The Voices of My Mothers

One of my 2006 goals is establishing the foundation for a thorough family tree. The Native American and Eastern ideas that my life affects and is effected by seven generations back and seven generations forward gives me another reason beyond simple curiosity and fascination to learn about my physical lineage. Fascinating it is, and curious I am, however there is a part of my past that defines my present and predicts my future. So I've finally gotten some written documents about my family lineage from my closest branches: my parents.

I spent an enjoyable several hours the other evening reading stories written by distant relatives that I have either never met, or not seen in years, recalling their memories of their parents or grandparents; recalling stories of lives lived during times of war, struggle and change. Listening to their voices on the paper, I felt a connection with past, differently than I have while reading history texts in college, or biographies of historic persons. There are historic persons in my lineage, and there are stories set in times I've read about in history texts. However, in the everyday language of my own family, I see a personal side of "history": the side that is "his story" and "her story". Because while the events in those books we study are important to know, so too are the events in our ancestors' lives. Crossing oceans and continents, settling and moving, building and tearing down, establishing order and rebelling against it; with out pomp and no mind to prestige, the words of my family communicate the essence of another time and of a spirit that is mine as well - that past that is a part of me and my present.

I see the patterns in my life that reflect the patterns of history. Why study history? "Not to repeat our mistakes" they say. "To learn from the past" we are told. And so too is it with our own history. 50% my mother and 50% my father. A quarter of each of my grandparents, and eighth of each of my great grandparents. And thus is my deck dealt. The tools I come with, the knowledge I start with, the foundation my first foot falls upon. Now it is up to me to choose how to play those cards, and when to add new ones to the deck.

At 2:30am, I finally put away the files. I turned off my bedside lamp, and curled up on my side. I adjusted my pillows, and closed my eyes. And there in the darkness, I heard their voices. Whispers of their lives, like wind in the woods. Softly floating through my mind, I heard their songs. Norse, Celtic, Gaelic, American, young, aged, new, old.

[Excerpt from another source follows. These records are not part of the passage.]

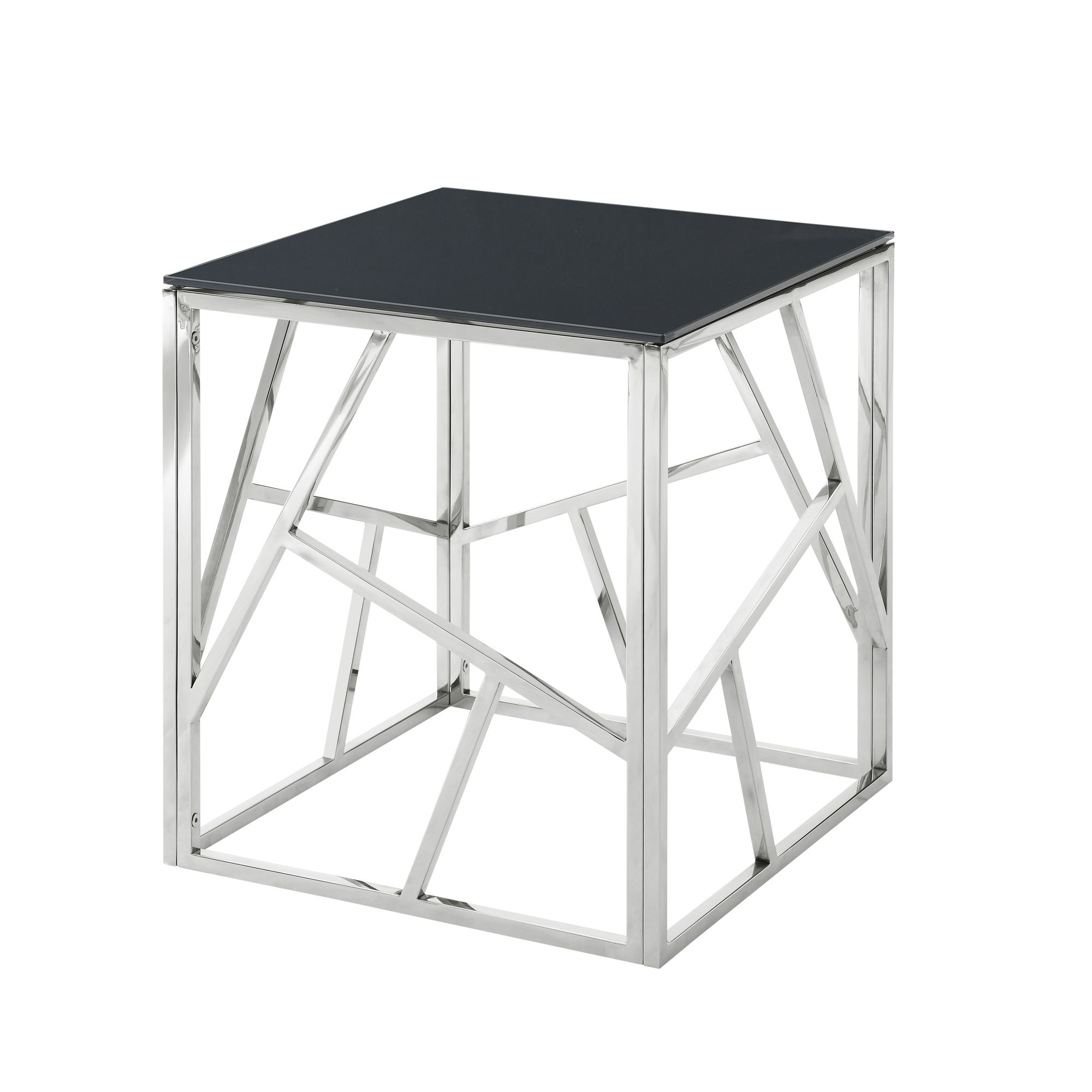 Home > 20 Inch Modern Glass End Table with Geometric Metal Frame, Accent Table Nightstand Furniture Corner Table for Living Room,Home Office,Bedroom - Chrome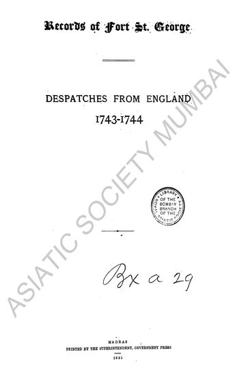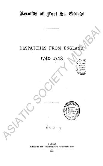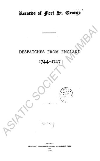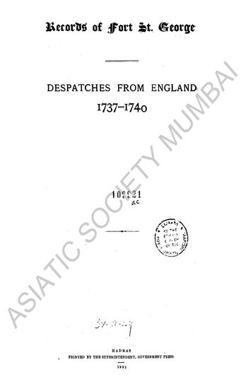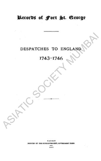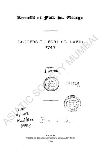 | Author | : | India. Madras. Fort St. George Records MacQueen, P. |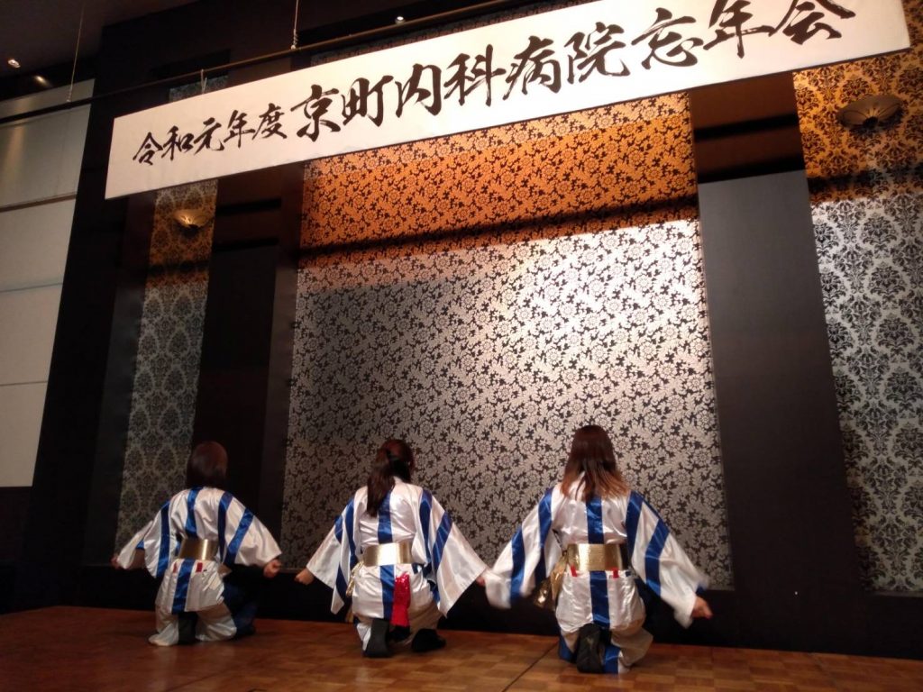 本年も毎年恒例の「京町内科病院忘年会」が九十九島ベイサイドホテル&リゾートフラッグスにて開催されました。職員が楽しみにしている年末のイベントです。美人職員三人娘のYOSAKOIの演舞、全員参加のじゃんけん大会、なかなか正解できず大笑いしたジェスチャーゲーム、そして院長&放射線技師長によるコント!!!など大盛況でした。美味しいお料理、お酒も頂きながら来年の英気を養えた楽しい時間を過ごせました。新年も患者様のお役にたてるよう頑張りたいと思います。今年も一年ありがとうございました。皆様、良いお年をお迎え下さい。

Like the voices of the Huldre calling from within the mountain of the past.

~Maren

Monday, February 06, 2006

Groundhog Sees

When in the new chill of Imbolc morning, the creatures wake and wander,
or stagger towards their morning's rest
a long night of prowling behind them,
we see the groundhog.

Sun shining rainbows on the icy threshold she comes. Peeking out and venturing forth, she comes.

Imbolc morning, Groundhog's Day, the sun shines on your face of fur and sleepy eyes, you turn.

In a panic you are taken, shaken, a shadow passes and it moves. Could it be eagle scouting breakfast? Could it be fox?

What does it matter?!

Groundhog sees and darts back beneath the snow encrusted den. She will not come again, until Equinox has claimed the morning, lengthened the days to equal, and assured dear Groundhog of her saftey in the mid-spring sun!

Winter's grip holds fast. Huldre waits with Groundhog.